◆ Data extract
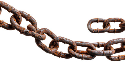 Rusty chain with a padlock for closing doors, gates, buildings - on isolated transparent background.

...

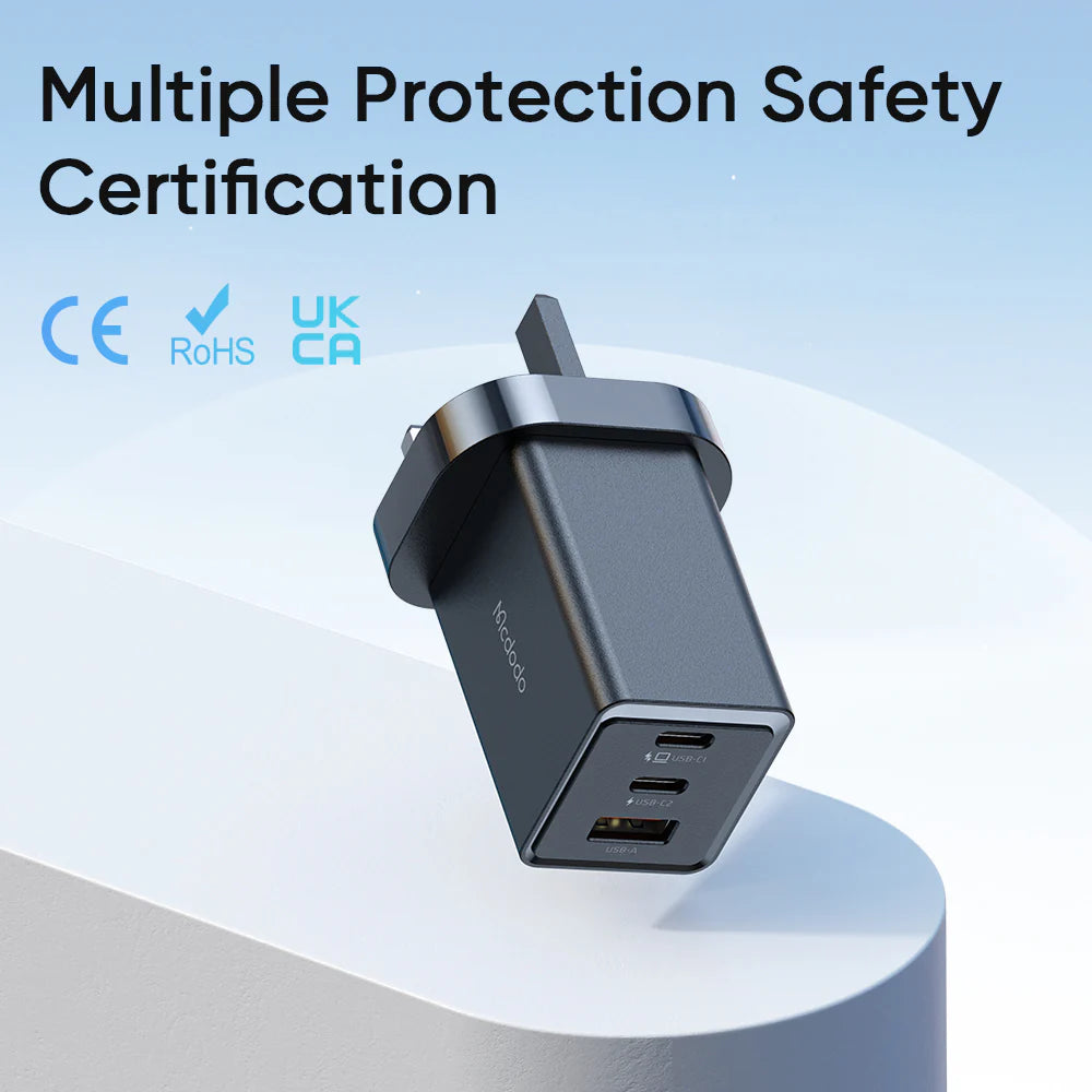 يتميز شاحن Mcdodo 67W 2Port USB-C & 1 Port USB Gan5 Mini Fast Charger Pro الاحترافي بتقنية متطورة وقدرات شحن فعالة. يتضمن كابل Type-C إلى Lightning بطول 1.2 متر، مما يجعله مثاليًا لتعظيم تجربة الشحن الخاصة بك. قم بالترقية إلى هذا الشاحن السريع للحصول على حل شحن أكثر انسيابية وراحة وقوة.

--

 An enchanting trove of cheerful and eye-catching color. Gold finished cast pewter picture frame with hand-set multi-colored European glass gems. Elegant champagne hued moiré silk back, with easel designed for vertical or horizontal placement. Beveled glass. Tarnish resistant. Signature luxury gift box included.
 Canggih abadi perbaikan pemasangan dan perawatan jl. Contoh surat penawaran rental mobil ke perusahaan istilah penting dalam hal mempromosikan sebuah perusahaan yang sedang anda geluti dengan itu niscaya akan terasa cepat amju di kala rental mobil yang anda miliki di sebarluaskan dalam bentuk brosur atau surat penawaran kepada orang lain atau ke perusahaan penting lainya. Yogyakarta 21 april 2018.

◆ Assigned task
Reproduce exactly the lines above from the line with "An enchanting trove" to the line with "Canggih abadi perbaikan", including both, and add nothing.

◆ Answer section
 An enchanting trove of cheerful and eye-catching color. Gold finished cast pewter picture frame with hand-set multi-colored European glass gems. Elegant champagne hued moiré silk back, with easel designed for vertical or horizontal placement. Beveled glass. Tarnish resistant. Signature luxury gift box included.
 Canggih abadi perbaikan pemasangan dan perawatan jl. Contoh surat penawaran rental mobil ke perusahaan istilah penting dalam hal mempromosikan sebuah perusahaan yang sedang anda geluti dengan itu niscaya akan terasa cepat amju di kala rental mobil yang anda miliki di sebarluaskan dalam bentuk brosur atau surat penawaran kepada orang lain atau ke perusahaan penting lainya. Yogyakarta 21 april 2018.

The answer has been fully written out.